START INFORMATION PROVIDED
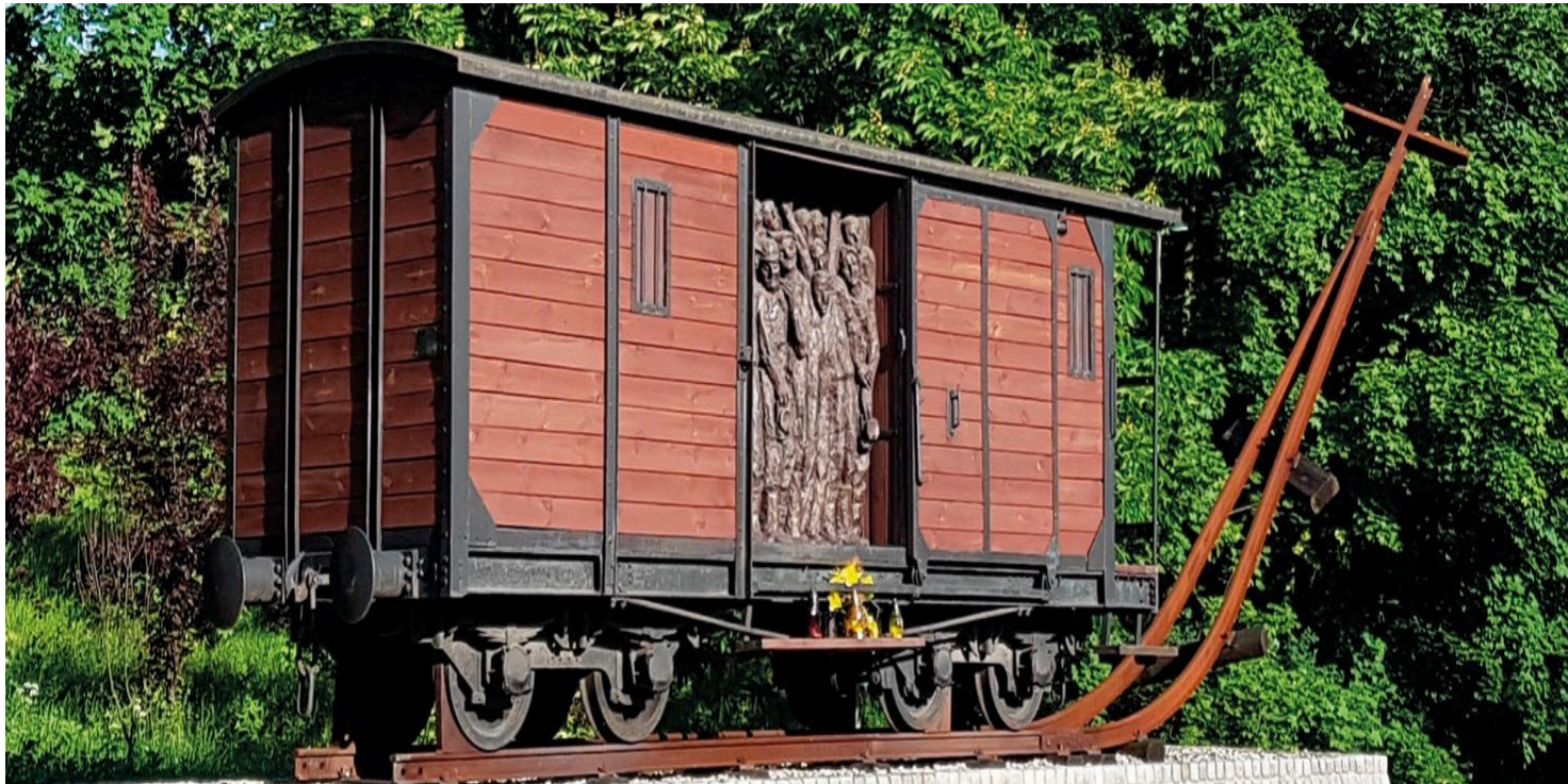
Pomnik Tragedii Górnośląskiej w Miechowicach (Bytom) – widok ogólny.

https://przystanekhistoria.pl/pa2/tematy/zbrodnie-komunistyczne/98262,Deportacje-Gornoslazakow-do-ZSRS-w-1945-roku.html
END INFORMATION PROVIDED
START INFORMATION PROVIDED
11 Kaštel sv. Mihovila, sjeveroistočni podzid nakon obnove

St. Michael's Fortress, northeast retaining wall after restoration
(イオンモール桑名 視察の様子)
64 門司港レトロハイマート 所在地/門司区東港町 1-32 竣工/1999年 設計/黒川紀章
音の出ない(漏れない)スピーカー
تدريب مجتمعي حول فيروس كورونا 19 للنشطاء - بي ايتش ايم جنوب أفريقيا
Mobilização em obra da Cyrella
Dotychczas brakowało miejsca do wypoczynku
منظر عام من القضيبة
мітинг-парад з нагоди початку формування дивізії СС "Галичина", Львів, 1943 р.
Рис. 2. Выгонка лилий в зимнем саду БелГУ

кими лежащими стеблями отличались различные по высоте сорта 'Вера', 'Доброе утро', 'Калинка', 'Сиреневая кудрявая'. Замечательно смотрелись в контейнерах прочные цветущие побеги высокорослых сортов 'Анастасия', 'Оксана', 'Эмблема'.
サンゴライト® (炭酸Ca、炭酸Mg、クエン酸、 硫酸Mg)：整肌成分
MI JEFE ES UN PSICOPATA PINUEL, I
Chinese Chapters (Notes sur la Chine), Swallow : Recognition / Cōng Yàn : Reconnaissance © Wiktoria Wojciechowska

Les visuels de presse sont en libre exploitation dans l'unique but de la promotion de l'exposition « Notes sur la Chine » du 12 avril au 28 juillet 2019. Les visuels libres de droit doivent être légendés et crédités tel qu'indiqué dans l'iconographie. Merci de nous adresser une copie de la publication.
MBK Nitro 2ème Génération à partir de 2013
END INFORMATION PROVIDED
START INFORMATION PROVIDED
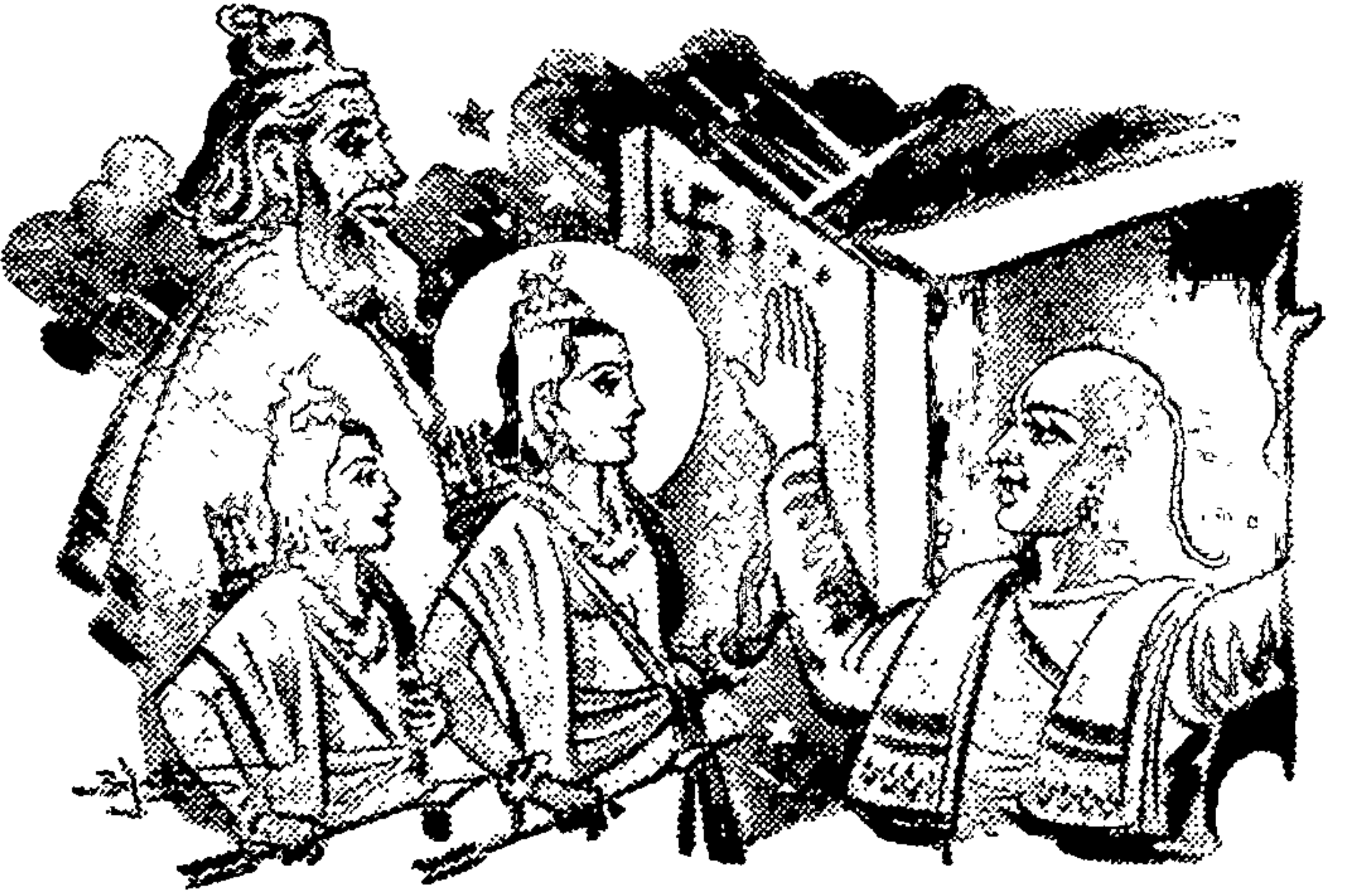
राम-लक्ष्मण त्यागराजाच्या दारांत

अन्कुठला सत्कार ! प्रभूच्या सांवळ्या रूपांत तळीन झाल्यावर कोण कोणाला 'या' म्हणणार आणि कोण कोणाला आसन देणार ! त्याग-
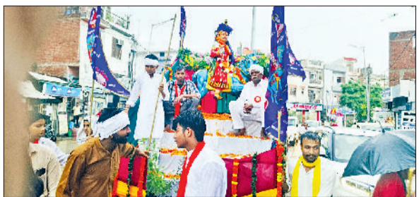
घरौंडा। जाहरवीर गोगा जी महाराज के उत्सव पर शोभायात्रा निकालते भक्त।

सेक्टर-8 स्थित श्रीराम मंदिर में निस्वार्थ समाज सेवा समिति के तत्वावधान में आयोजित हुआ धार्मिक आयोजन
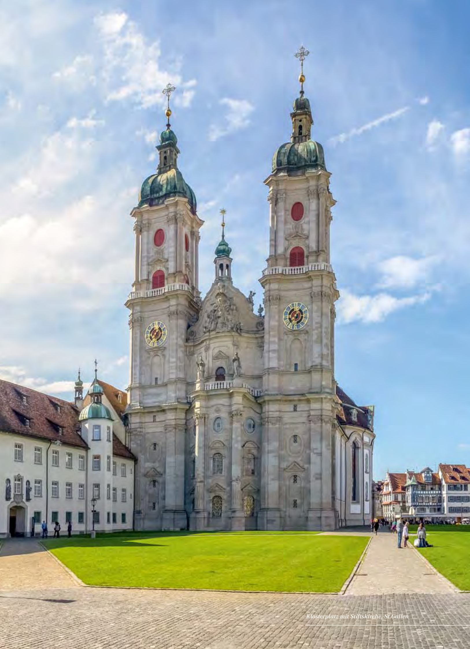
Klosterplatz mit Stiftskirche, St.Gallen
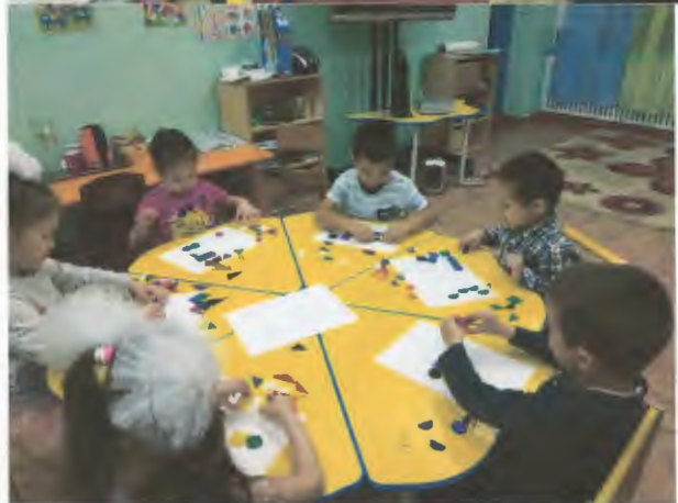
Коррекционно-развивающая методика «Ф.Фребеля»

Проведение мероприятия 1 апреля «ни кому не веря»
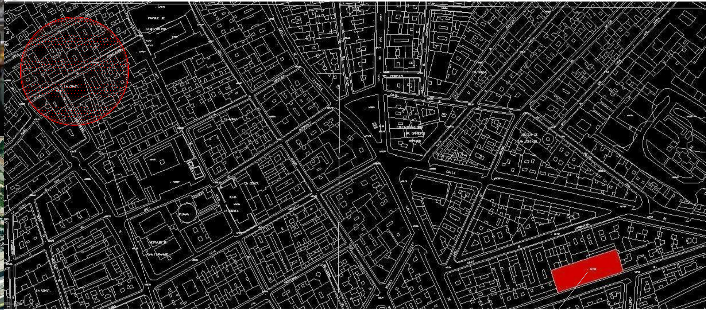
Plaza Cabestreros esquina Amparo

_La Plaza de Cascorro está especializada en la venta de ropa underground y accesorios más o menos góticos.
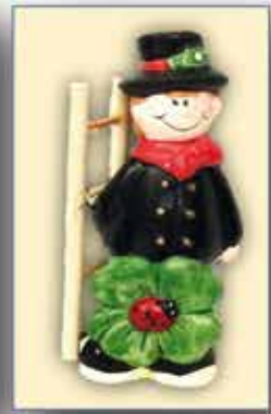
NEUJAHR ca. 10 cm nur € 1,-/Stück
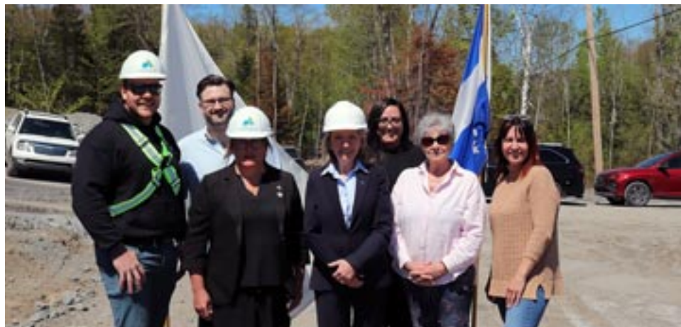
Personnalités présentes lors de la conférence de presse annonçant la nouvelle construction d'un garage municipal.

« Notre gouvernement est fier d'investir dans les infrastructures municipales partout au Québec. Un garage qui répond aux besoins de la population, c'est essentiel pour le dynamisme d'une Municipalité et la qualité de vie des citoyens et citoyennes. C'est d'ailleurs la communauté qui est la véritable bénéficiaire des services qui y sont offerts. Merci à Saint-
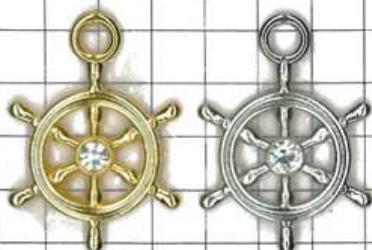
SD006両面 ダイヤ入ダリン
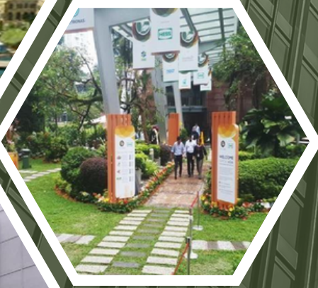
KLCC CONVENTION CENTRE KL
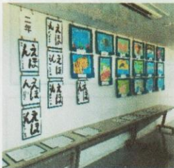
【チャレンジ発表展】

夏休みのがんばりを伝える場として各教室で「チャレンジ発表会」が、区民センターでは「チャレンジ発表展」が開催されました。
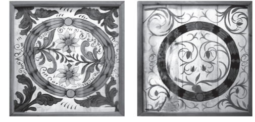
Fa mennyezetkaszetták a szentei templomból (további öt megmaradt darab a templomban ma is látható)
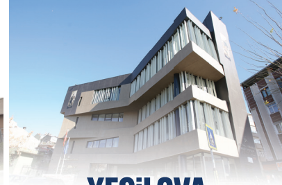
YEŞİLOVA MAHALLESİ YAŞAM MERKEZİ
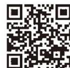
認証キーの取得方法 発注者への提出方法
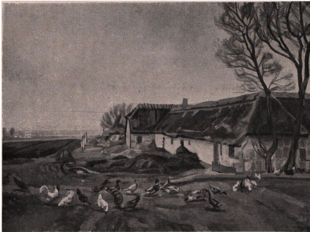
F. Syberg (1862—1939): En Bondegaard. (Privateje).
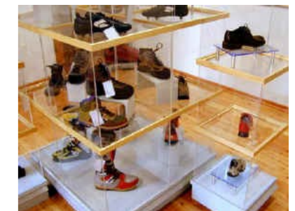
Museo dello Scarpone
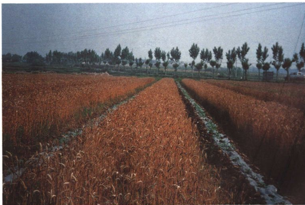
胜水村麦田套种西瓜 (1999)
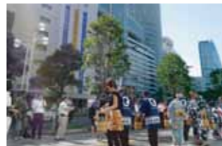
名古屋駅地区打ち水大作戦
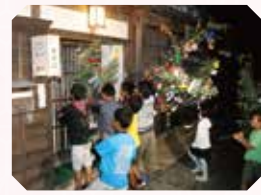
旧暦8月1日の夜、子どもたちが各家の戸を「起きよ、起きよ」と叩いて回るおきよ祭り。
END INFORMATION PROVIDED
_EXERCISE:_ Print exactly the lines above, between the one holding "Рис. 2. Выгонка лилий в зимнем саду БелГУ" and the one holding "MBK Nitro 2ème Génération à partir de 2013", inclusive, and nothing besides.

_THE COMPLETED TASK:_
Рис. 2. Выгонка лилий в зимнем саду БелГУ

кими лежащими стеблями отличались различные по высоте сорта 'Вера', 'Доброе утро', 'Калинка', 'Сиреневая кудрявая'. Замечательно смотрелись в контейнерах прочные цветущие побеги высокорослых сортов 'Анастасия', 'Оксана', 'Эмблема'.
サンゴライト® (炭酸Ca、炭酸Mg、クエン酸、 硫酸Mg)：整肌成分
MI JEFE ES UN PSICOPATA PINUEL, I
Chinese Chapters (Notes sur la Chine), Swallow : Recognition / Cōng Yàn : Reconnaissance © Wiktoria Wojciechowska

Les visuels de presse sont en libre exploitation dans l'unique but de la promotion de l'exposition « Notes sur la Chine » du 12 avril au 28 juillet 2019. Les visuels libres de droit doivent être légendés et crédités tel qu'indiqué dans l'iconographie. Merci de nous adresser une copie de la publication.
MBK Nitro 2ème Génération à partir de 2013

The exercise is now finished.